■ **DATA BLOCK**:
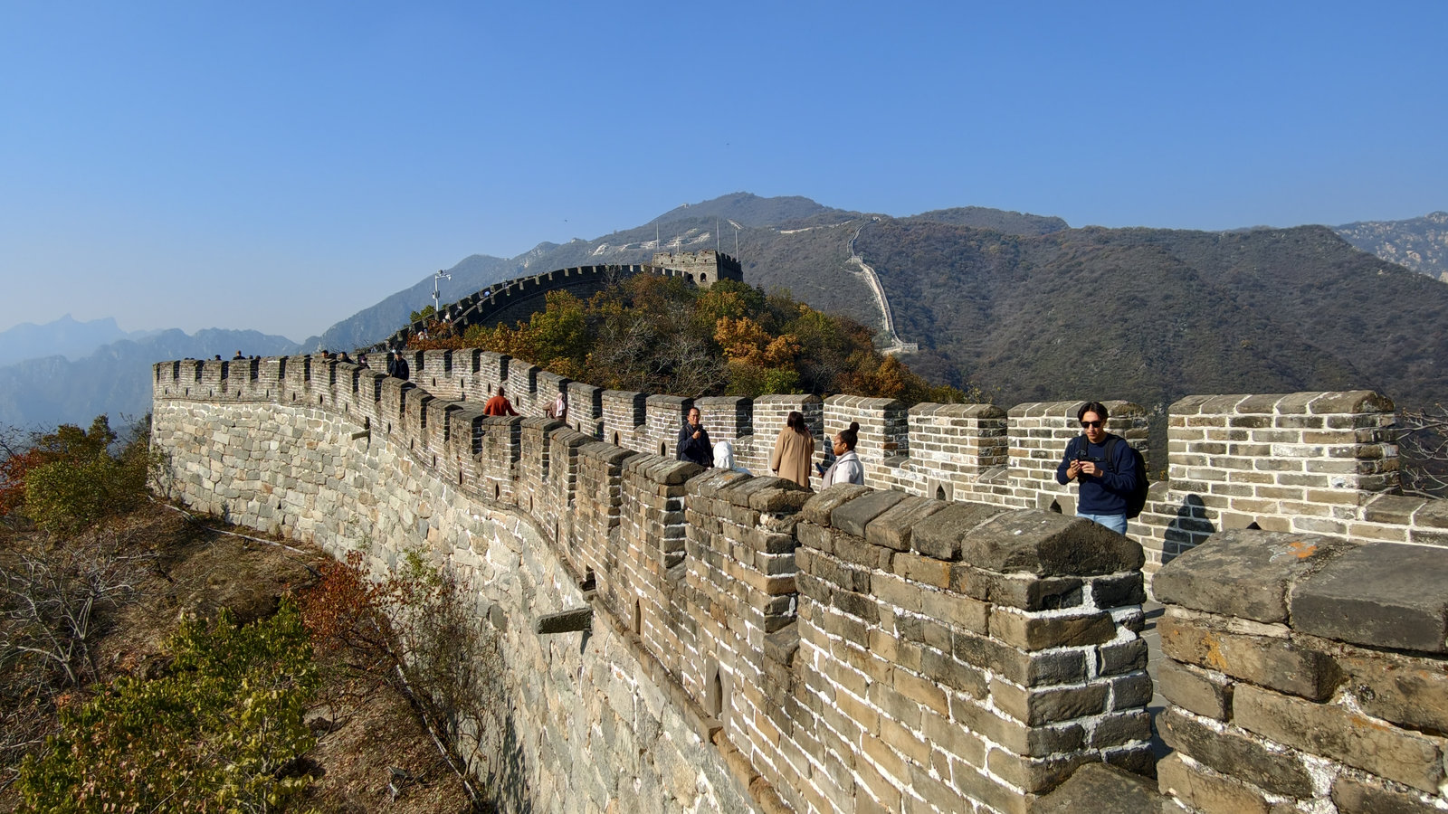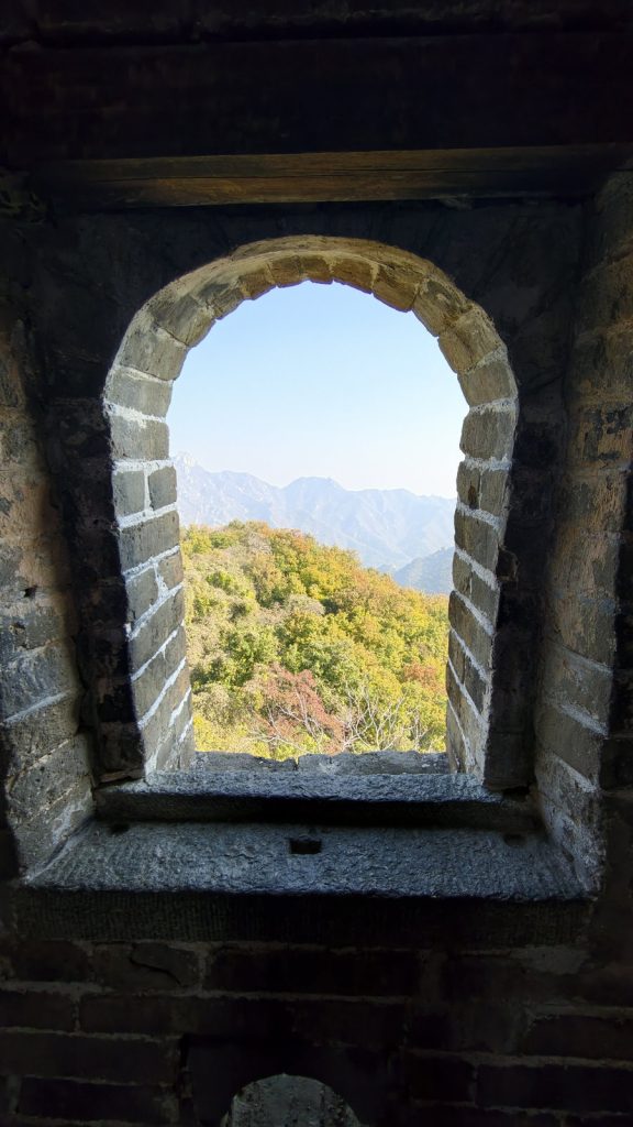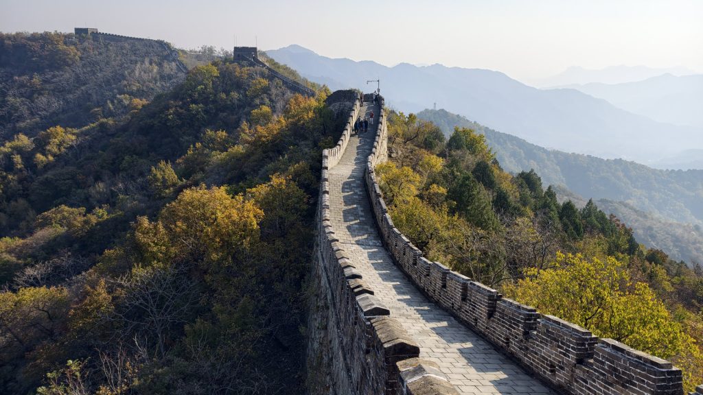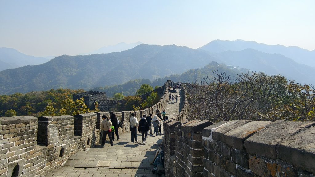 慕田峪不像八達嶺那樣雄偉壯闊,它的美是:山巒層疊,長城蜿蜒,像一條在金色山脊上舞動的巨龍。現在正值秋季,景色尤其動人,栗樹、楓樹、黃櫨染成橘、紅、金色,天氣乾爽透亮,霧氣淡薄,視野極佳。長城沿山脊曲折,拍起照片真的漂亮。站在城牆上看出去,彷彿整個華北的秋天都展開在腳下。
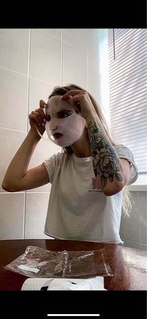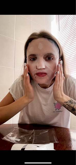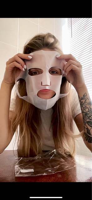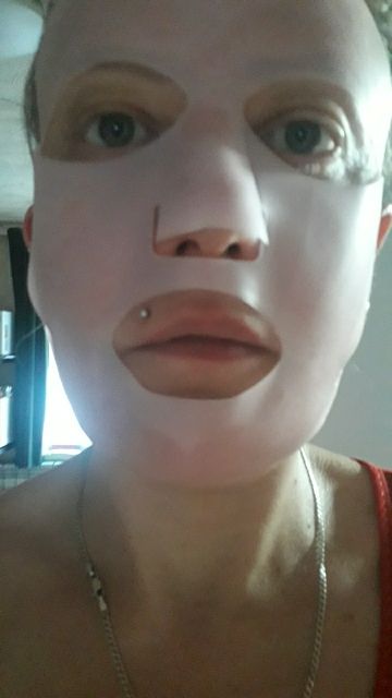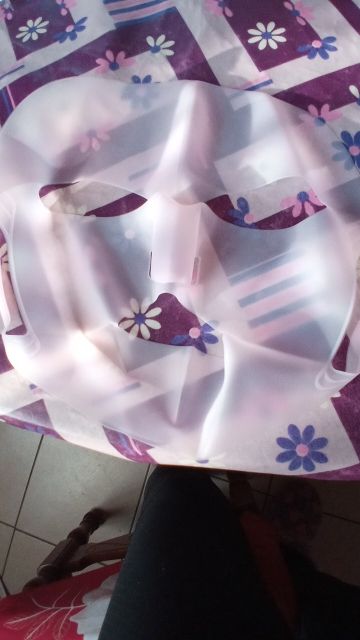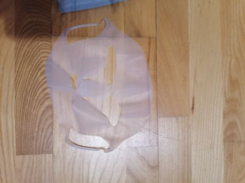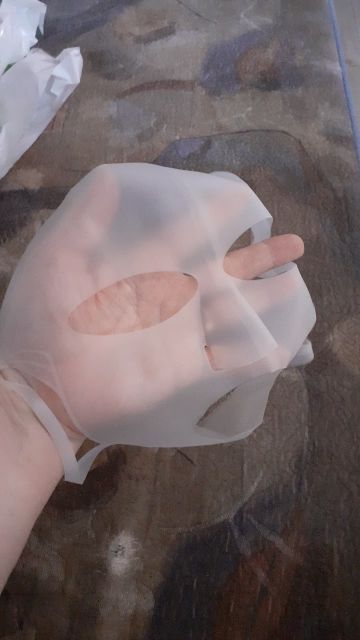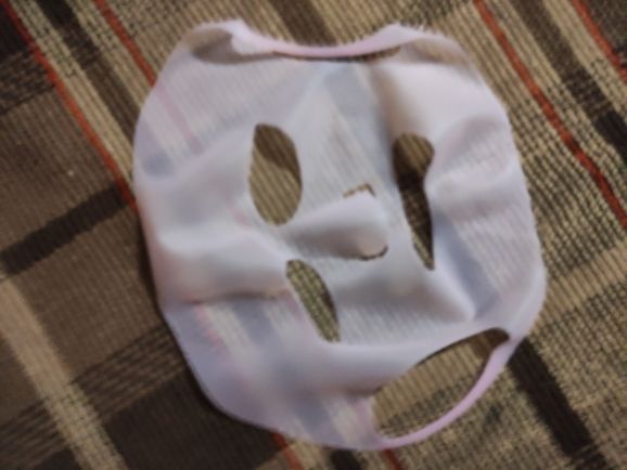 The mask is fine because it's a cover to throw your moisturizing mask on your face and put it on top so that it will sorber your skin better the moisturizing mask than you put on very good with water.
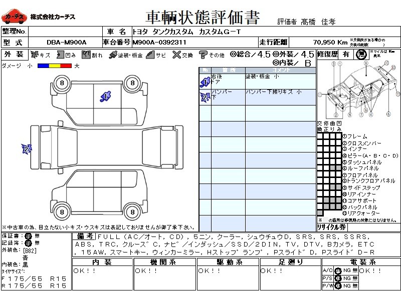 フル装備 / CD / 乗車定員(5人) / クーラー / 集中ドアロック / エアバッグ / 助手席エアバッグ / サイドエアバッグ / ABS / トラクションコントロール / クルーズコントロール / カーナビゲーション(インダッシュ,SSD,2DIN) / テレビ(アナログ) / 地デジTV / バックカメラ / ETC / アルミホイール(15インチ) / スマートキー / ウインカーミラー / ハイマウントストップランプ / パワースライドドア / フォグランプ /

■ **HOW TO COMPLETE THIS TASK**: Would you return all of the data above word for word, omitting every picture?

■ **YOUR RESPONSE**:
 慕田峪不像八達嶺那樣雄偉壯闊,它的美是:山巒層疊,長城蜿蜒,像一條在金色山脊上舞動的巨龍。現在正值秋季,景色尤其動人,栗樹、楓樹、黃櫨染成橘、紅、金色,天氣乾爽透亮,霧氣淡薄,視野極佳。長城沿山脊曲折,拍起照片真的漂亮。站在城牆上看出去,彷彿整個華北的秋天都展開在腳下。
 The mask is fine because it's a cover to throw your moisturizing mask on your face and put it on top so that it will sorber your skin better the moisturizing mask than you put on very good with water.
 フル装備 / CD / 乗車定員(5人) / クーラー / 集中ドアロック / エアバッグ / 助手席エアバッグ / サイドエアバッグ / ABS / トラクションコントロール / クルーズコントロール / カーナビゲーション(インダッシュ,SSD,2DIN) / テレビ(アナログ) / 地デジTV / バックカメラ / ETC / アルミホイール(15インチ) / スマートキー / ウインカーミラー / ハイマウントストップランプ / パワースライドドア / フォグランプ /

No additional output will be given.